DATA TO PROCESS
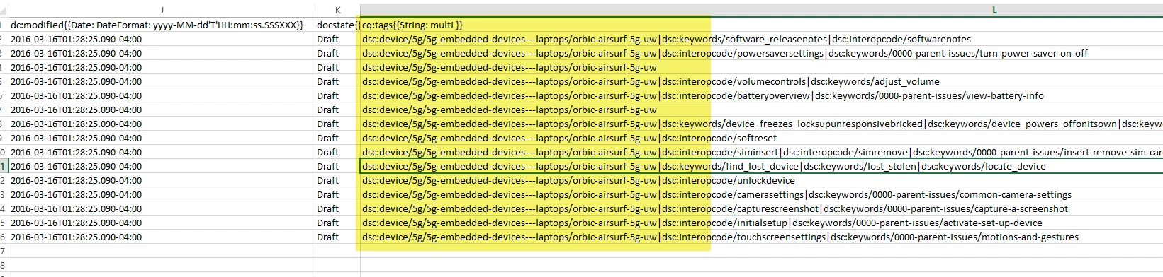 Separate Columns for CQ Tags in Export Metadata Reports
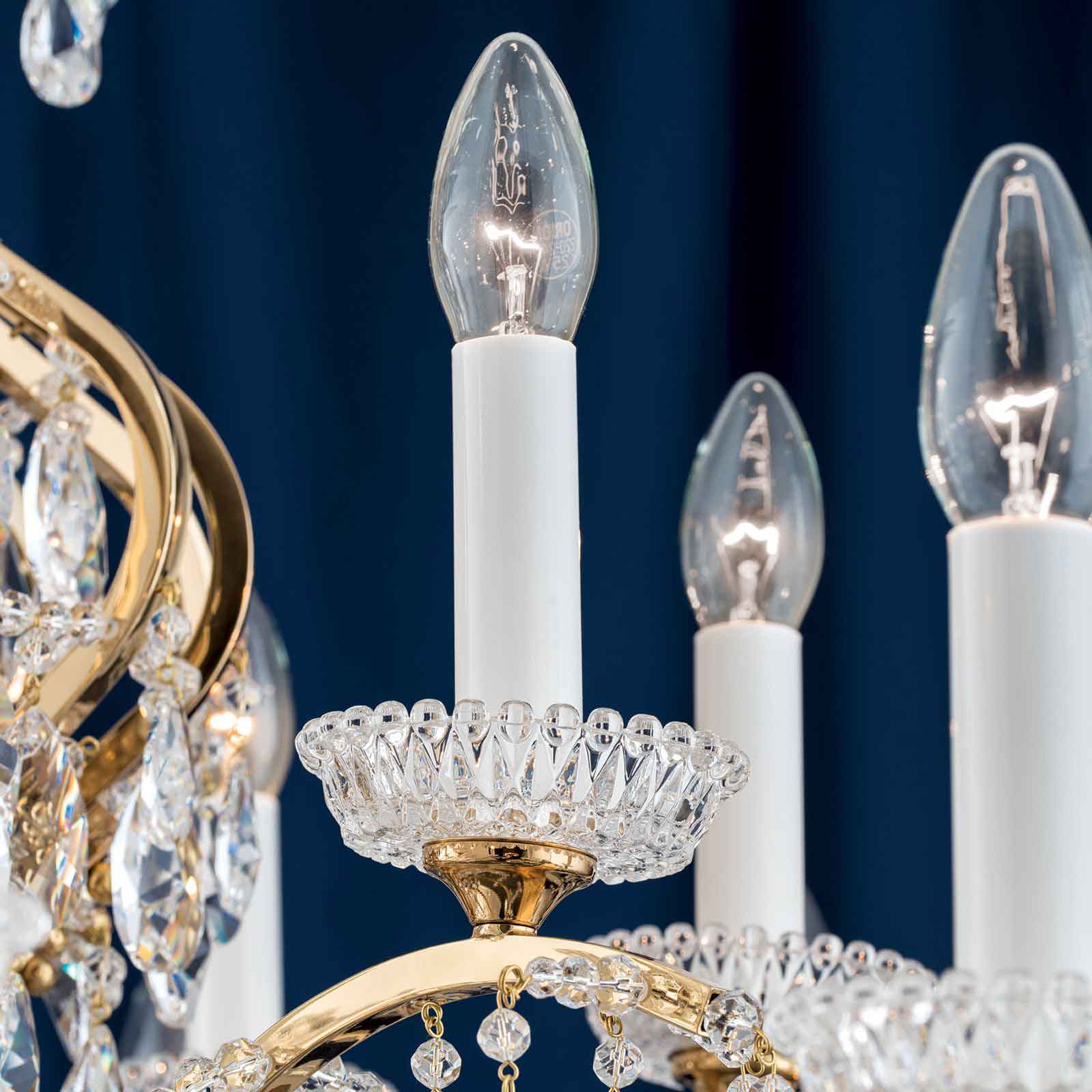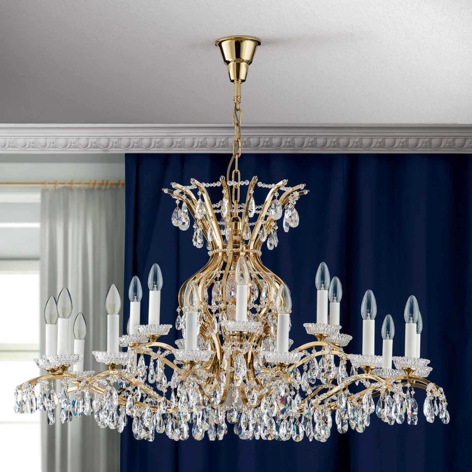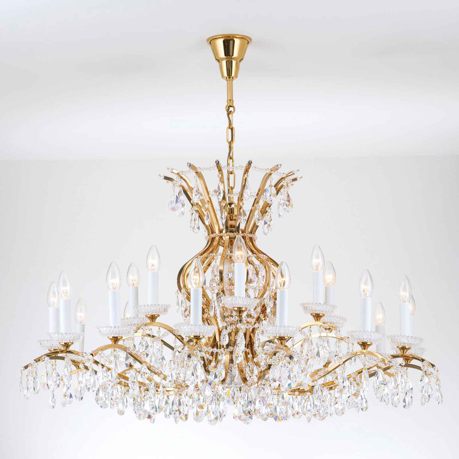 Der echt vergoldete Kronleuchter klassisch 21-flammig aus der glamourösen Leuchtenserie Florentine setzt hohe Maßstäbe an die Beleuchtung in größeren Innenräumen. Mit unserer Leuchtenkollektion Florentine tauchen Sie in eine schillernde Welt ein. Der 21-flammige Kristall-Kronleuchter, in Österreich auch unter dem Namen Luster bekannt, geizt nicht mit seinen Reizen: Ein vergoldeter Korpus aus Vollmessing mit üppigem Kristallbehang (SCHÖLER CRYSTAL®) gleißt wie ein sommerlicher Sonnenstrahl in der Raummitte. Aufwendig geformte Spangen umkreisen den kristallenen Mittelschaft und gehen über in schwungvolle, weit ausladende Arme. Zwei Kerzenstöcke (14 + 7) bilden einen hell leuchtenden Lichterreigen. Bleikristall-Kerzentassen runden die Hochwertigkeit dieses Kristall-Kronleuchters ab. Der Schliff der Kristalle wirkt wie ein Prisma, das das Licht in allen Farben des Spektrums tanzen lässt.
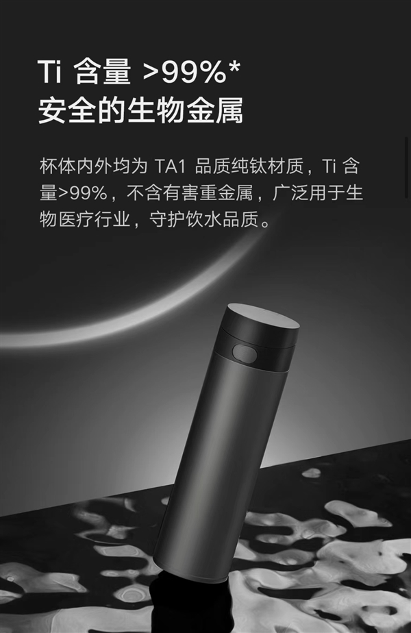 据悉,米家保温杯Ti杯体内外均为TA1品质纯钛材质Ti含量>99%,不易发生化学反应,茶、咖啡、牛奶、果汁等各类饮品都可放入杯中,不析出重金属,还具备抗菌特性。
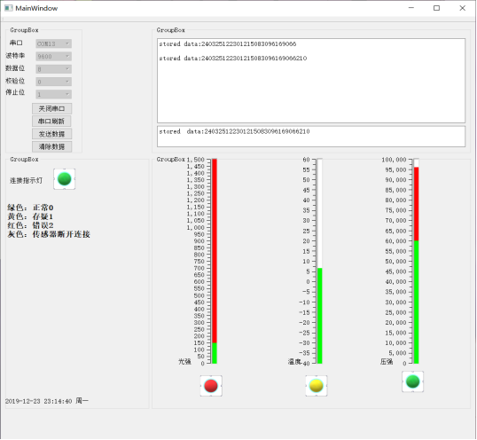 - 接收数据:使用信号readyRead(),在槽函数中读取串口接收的数据,转换为中文格式并显示在接收框中。
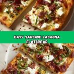 This Lasagna Flatbread recipe combines the classic flavors of a traditional lasagna into a quick and easy flatbread meal. Layers of ricotta, mozzarella, and Parmesan cheese mixed with Italian seasoning are spread over flatbreads, topped with a savory sausage marinara sauce, and baked until golden, bubbly, and delicious. Perfect for a family dinner or casual gathering, this dish offers the comforting taste of lasagna in a convenient flatbread form.
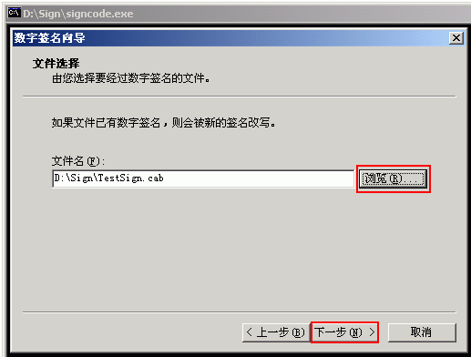 (1) 运行 Signcode.exe ,要求您选择需要签名的文件,支持:可执行文件 (*.exe; *.dll; *.ocx) ; Cabinet 打包文件 (*.cab) 和目录文件 (*.cat) ,如下图 1 所示 ( 如: TestSign.cab) ,请注意:如果签名的文件已经有数字签名,则会被新的签名覆盖:

TASK ITEM
A faithful reproduction of every entry, with no pictures, is the expected answer.

RESULT
 Separate Columns for CQ Tags in Export Metadata Reports
 Der echt vergoldete Kronleuchter klassisch 21-flammig aus der glamourösen Leuchtenserie Florentine setzt hohe Maßstäbe an die Beleuchtung in größeren Innenräumen. Mit unserer Leuchtenkollektion Florentine tauchen Sie in eine schillernde Welt ein. Der 21-flammige Kristall-Kronleuchter, in Österreich auch unter dem Namen Luster bekannt, geizt nicht mit seinen Reizen: Ein vergoldeter Korpus aus Vollmessing mit üppigem Kristallbehang (SCHÖLER CRYSTAL®) gleißt wie ein sommerlicher Sonnenstrahl in der Raummitte. Aufwendig geformte Spangen umkreisen den kristallenen Mittelschaft und gehen über in schwungvolle, weit ausladende Arme. Zwei Kerzenstöcke (14 + 7) bilden einen hell leuchtenden Lichterreigen. Bleikristall-Kerzentassen runden die Hochwertigkeit dieses Kristall-Kronleuchters ab. Der Schliff der Kristalle wirkt wie ein Prisma, das das Licht in allen Farben des Spektrums tanzen lässt.
 据悉,米家保温杯Ti杯体内外均为TA1品质纯钛材质Ti含量>99%,不易发生化学反应,茶、咖啡、牛奶、果汁等各类饮品都可放入杯中,不析出重金属,还具备抗菌特性。
 - 接收数据:使用信号readyRead(),在槽函数中读取串口接收的数据,转换为中文格式并显示在接收框中。
 This Lasagna Flatbread recipe combines the classic flavors of a traditional lasagna into a quick and easy flatbread meal. Layers of ricotta, mozzarella, and Parmesan cheese mixed with Italian seasoning are spread over flatbreads, topped with a savory sausage marinara sauce, and baked until golden, bubbly, and delicious. Perfect for a family dinner or casual gathering, this dish offers the comforting taste of lasagna in a convenient flatbread form.
 (1) 运行 Signcode.exe ,要求您选择需要签名的文件,支持:可执行文件 (*.exe; *.dll; *.ocx) ; Cabinet 打包文件 (*.cab) 和目录文件 (*.cat) ,如下图 1 所示 ( 如: TestSign.cab) ,请注意:如果签名的文件已经有数字签名,则会被新的签名覆盖:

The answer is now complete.